Samworth’s account of discovering one such death makes for grotesque reading – the deceased prisoner having wrapped a cord through his cell bars and leaned into the loop “like a ski jumper on Ski Sunday”.
What really galls is that, though Samworth admits to being shocked, and to feeling “a bit fragile”, he never expresses compassion for the dead prisoner or his family. Prisoners, he writes, are “fuckers, twats, scum, scrotes, lowlifes… gargoyles and gangsters and legions of other dodgy bastards”.
Incredibly, during the whole of his career, he says, he has only ever witnessed one racist incident, when a female officer racially insulted a prisoner serving food. Samworth says he “lip-read” her insult and she was never sanctioned. “How could she be? Nobody but the con had heard a word.”

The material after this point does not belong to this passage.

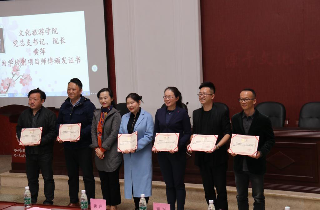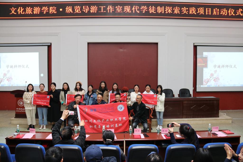 文化旅游学院党总支书记、院长黄萍代表学院为旅游管理专业现代学徒制探索实践项目的首批师傅颁发了聘书。纵览导游工作室负责人、学徒制师傅代表刘斌介绍了纵览导游工作室关于现代学徒制探索实践项目工作方案的思考。随后,学徒制师傅们端坐于太师椅,接受了来自17级旅游管理专业学生奉上的拜师茶,并将印有“文化旅游学院·纵览导游工作室”的导游旗作为礼物赠予徒弟,简单而温馨的拜师仪式成为本次活动最具仪式感的环节。

He admits that he never chose to work with prisoners as “part of some social crusade” – he just needed a job, “preferably with a pension attached”. Strangeways works best, then, as a first-hand account of everything that has led to the dreadful prison system we have today. Why is the experience so dehumanising, debilitating, corrosive and infantilising? Why are the reoffending figures so high? Why is there so much self-harm, violence, drug abuse and death?
Samworth provides many of the answers in a book that should be required reading for prison policy makers who, as a matter of urgency, should seriously consider a complete overhaul of the prison officer training programme. It should also be essential reading for new recruits as a masterclass in how not to be an officer.
Erwin James is a Guardian contributor. He served 20 years of a life sentence before his release in August 2004.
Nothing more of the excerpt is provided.